Hamilton N J, Kanani M, Roebuck D J, Hewitt R J, Cetto R, Culme-Seymour E J, Toll E, Bates A J, Comerford A P, McLaren C A, Butler C R, Crowley C, McIntyre D, Sebire N J, Janes S M, O'Callaghan C, Mason C, De Coppi P, Lowdell M W, Elliott M J, Birchall M A
University College London Ear Institute, Royal National Throat Nose and Ear Hospital, London, UK.
Department of Cardiothoracic Surgery, Great Ormond Street Hospital, London, UK.
Am J Transplant. 2015 Oct;15(10):2750-7. doi: 10.1111/ajt.13318. Epub 2015 Jun 2.
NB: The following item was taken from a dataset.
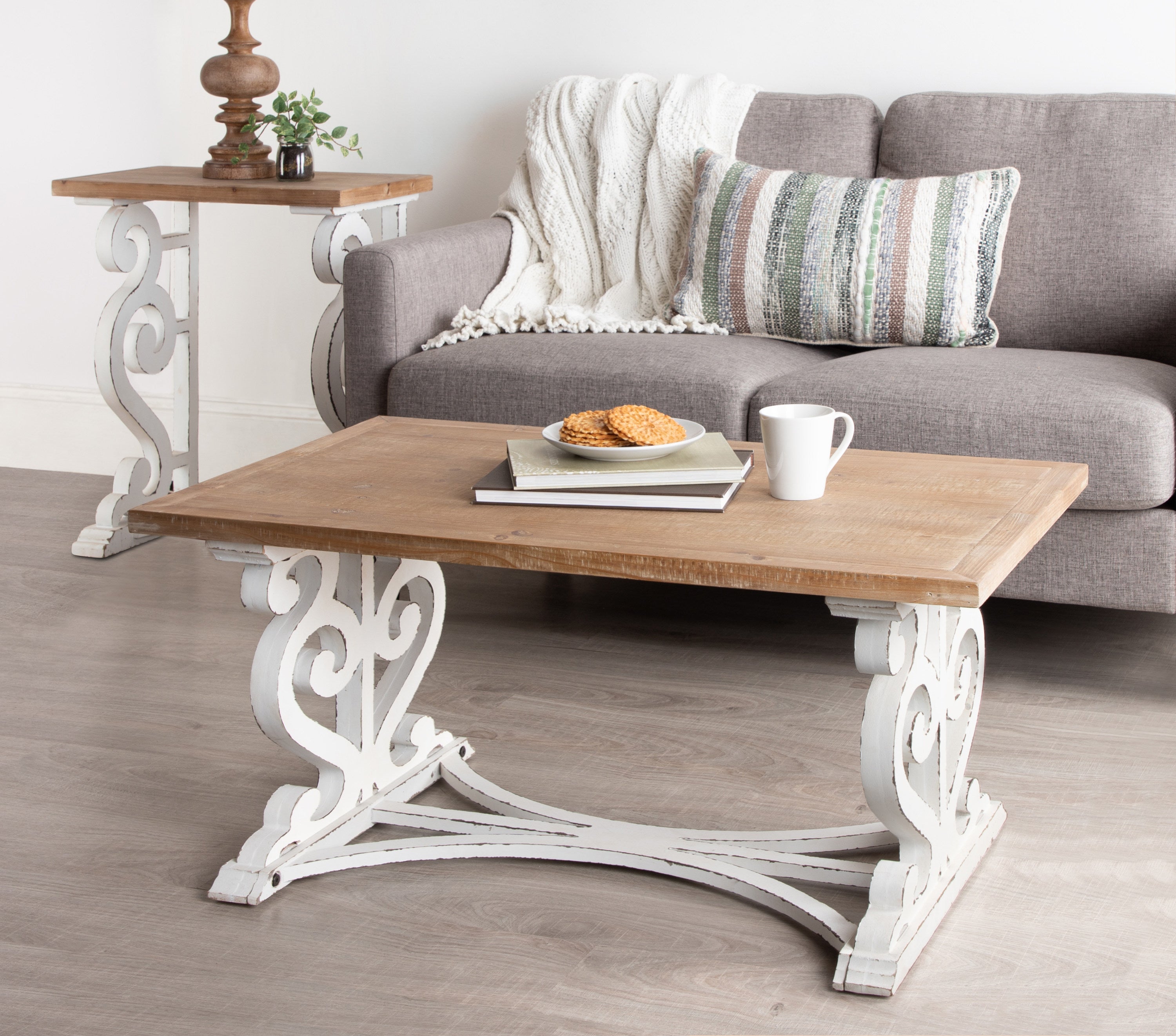 The Wyldwood Coffee Table adds a rustic French provincial accent to your home with real practical use. The hand-distressed, whitewashed finish gives this functional piece an aesthetic that's truly one-of-a-kind. Display your favorite photos, small decor, and novelties or serve drinks and charcuterie on its generous surface area.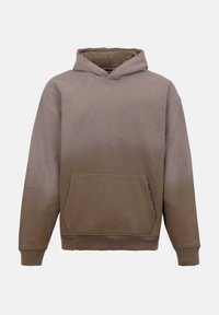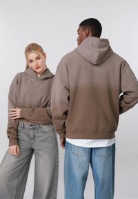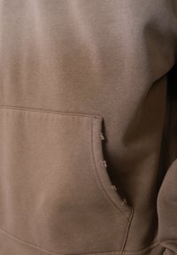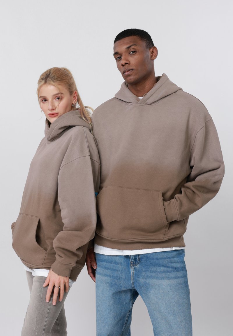 Δύο ενήλικες που φοράνε μπεζ φούτερ με κουκούλα, στέκονται δίπλα-δίπλα μπροστά σε ένα απλό ανοιχτόχρωμο φόντο, με χαλαρή έκφραση.

In 2010, a tissue-engineered trachea was transplanted into a 10-year-old child using a decellularized deceased donor trachea repopulated with the recipient's respiratory epithelium and mesenchymal stromal cells. We report the child's clinical progress, tracheal epithelialization and costs over the 4 years. A chronology of events was derived from clinical notes and costs determined using reference costs per procedure. Serial tracheoscopy images, lung function tests and anti-HLA blood samples were compared. Epithelial morphology and T cell, Ki67 and cleaved caspase 3 activity were examined. Computational fluid dynamic simulations determined flow, velocity and airway pressure drops. After the first year following transplantation, the number of interventions fell and the child is currently clinically well and continues in education. Endoscopy demonstrated a complete mucosal lining at 15 months, despite retention of a stent. Histocytology indicates a differentiated respiratory layer and no abnormal immune activity. Computational fluid dynamic analysis demonstrated increased velocity and pressure drops around a distal tracheal narrowing. Cross-sectional area analysis showed restriction of growth within an area of in-stent stenosis. This report demonstrates the long-term viability of a decellularized tissue-engineered trachea within a child. Further research is needed to develop bioengineered pediatric tracheal replacements with lower morbidity, better biomechanics and lower costs.
2010年,一个使用脱细胞的已故供体气管构建的组织工程气管被移植到一名10岁儿童体内,该气管重新植入了受体的呼吸道上皮细胞和间充质基质细胞。我们报告了该儿童4年来的临床进展、气管上皮化情况及费用。事件年表源自临床记录,费用根据每个手术的参考费用确定。对系列气管镜检查图像、肺功能测试和抗人白细胞抗原(HLA)血样进行了比较。检查了上皮形态以及T细胞、Ki67和裂解的半胱天冬酶3活性。计算流体动力学模拟确定了气流、速度和气道压降。移植后的第一年,干预次数减少,该儿童目前临床状况良好,继续接受教育。尽管保留了支架,但内镜检查显示在15个月时黏膜完全覆盖。组织细胞学显示有分化的呼吸层,且无异常免疫活性。计算流体动力学分析表明,气管远端狭窄周围的速度和压降增加。横截面积分析显示支架内狭窄区域的生长受限。本报告证明了脱细胞组织工程气管在儿童体内的长期生存能力。需要进一步开展研究,以开发发病率更低、生物力学性能更好且成本更低的生物工程小儿气管替代物。